• **INPUT DATA**:
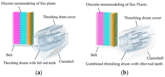 In this study, to address the problems of threshing device feeding difficulties, entangled drums, and low threshing efficiency in the process of combined harvesting of flax plants in hilly and mountainous areas, a discrete element flexible model of flax plants was established, and the performances and interactions of two threshing drum models (T1 and T2) were analyzed by using DEM-FEA co-simulation technology. Through the comparative study of the movement trajectory of the flax plant, mechanical stress distribution, and threshing effect, it verifies the advantages of the T2 model in improving threshing efficiency, reducing mechanical loss, and reducing entrainment loss, which provides a theoretical basis for the optimal design of threshing devices for flax combined harvesting. The main conclusions are as follows:
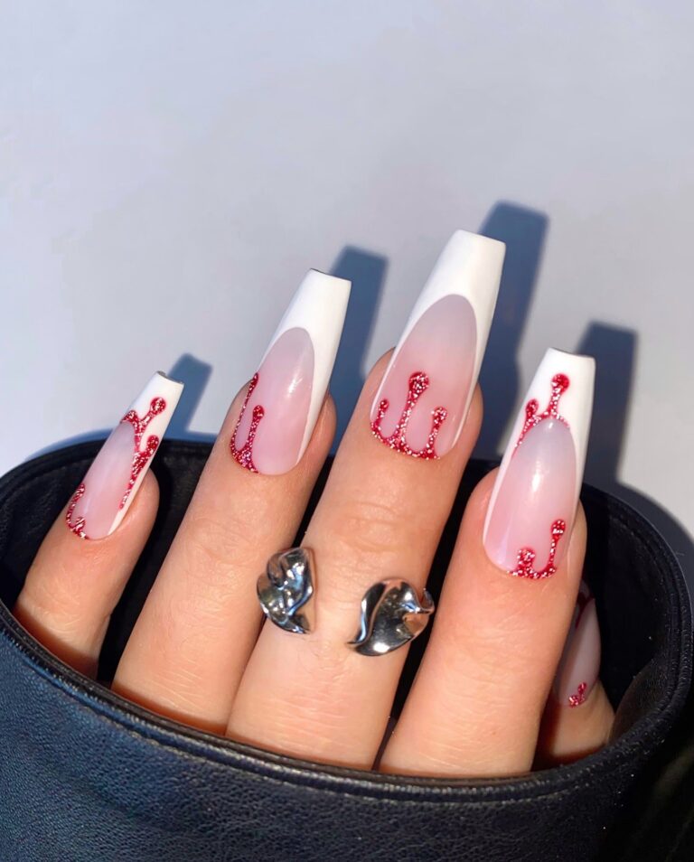 12. Crimson Drip French Coffin Nails (Coffin Nail Ideas)Credit
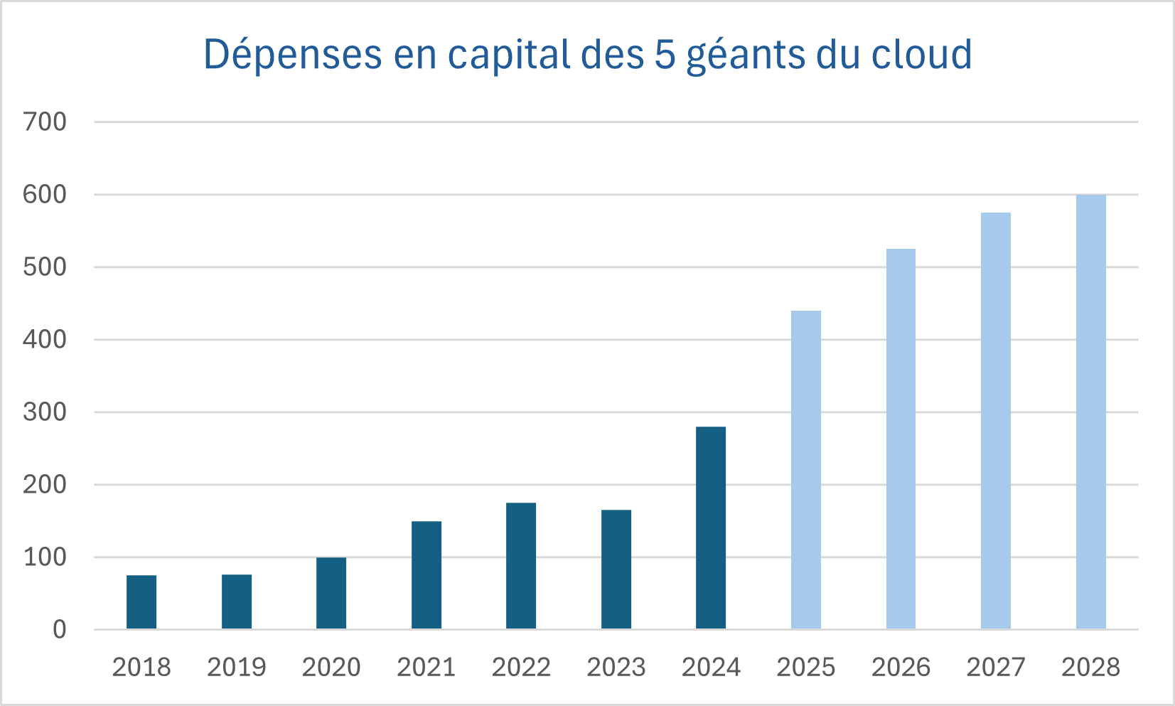 Rien que cette année, 450 milliards de dollars devraient être investis dans l’IA. D’abord dans les semi-conducteurs, ensuite dans les datacenters et enfin, dans les infrastructures nécessaires à l’IA générative : une capacité colossale de datacenters (cloud[3])
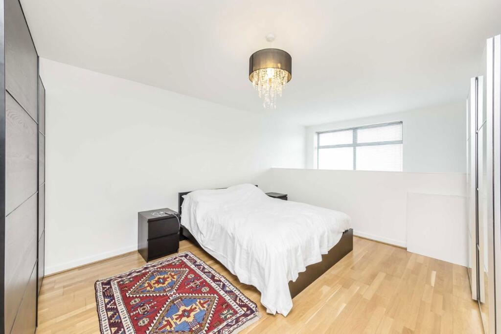 A split level two bedroom apartment with mezzanine style bedroom, open plan reception, private balcony and secure entry.
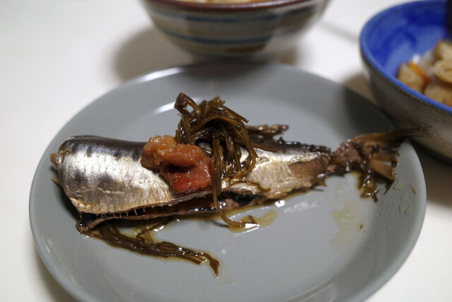 詳しいレシピはヨメさんに聞かないとわからないけどイワシを昆布と梅干しと一緒に圧力鍋で炊いたもの。骨まで柔らかで冷めてもウマいんだ。

• **DESCRIPTION OF THE TASK**:
Write out exactly the lines from the one containing "A split level" to the last line of the records above, both included, and leave out any pictures.

• **REPLY TO THE TASK**:
 A split level two bedroom apartment with mezzanine style bedroom, open plan reception, private balcony and secure entry.
 詳しいレシピはヨメさんに聞かないとわからないけどイワシを昆布と梅干しと一緒に圧力鍋で炊いたもの。骨まで柔らかで冷めてもウマいんだ。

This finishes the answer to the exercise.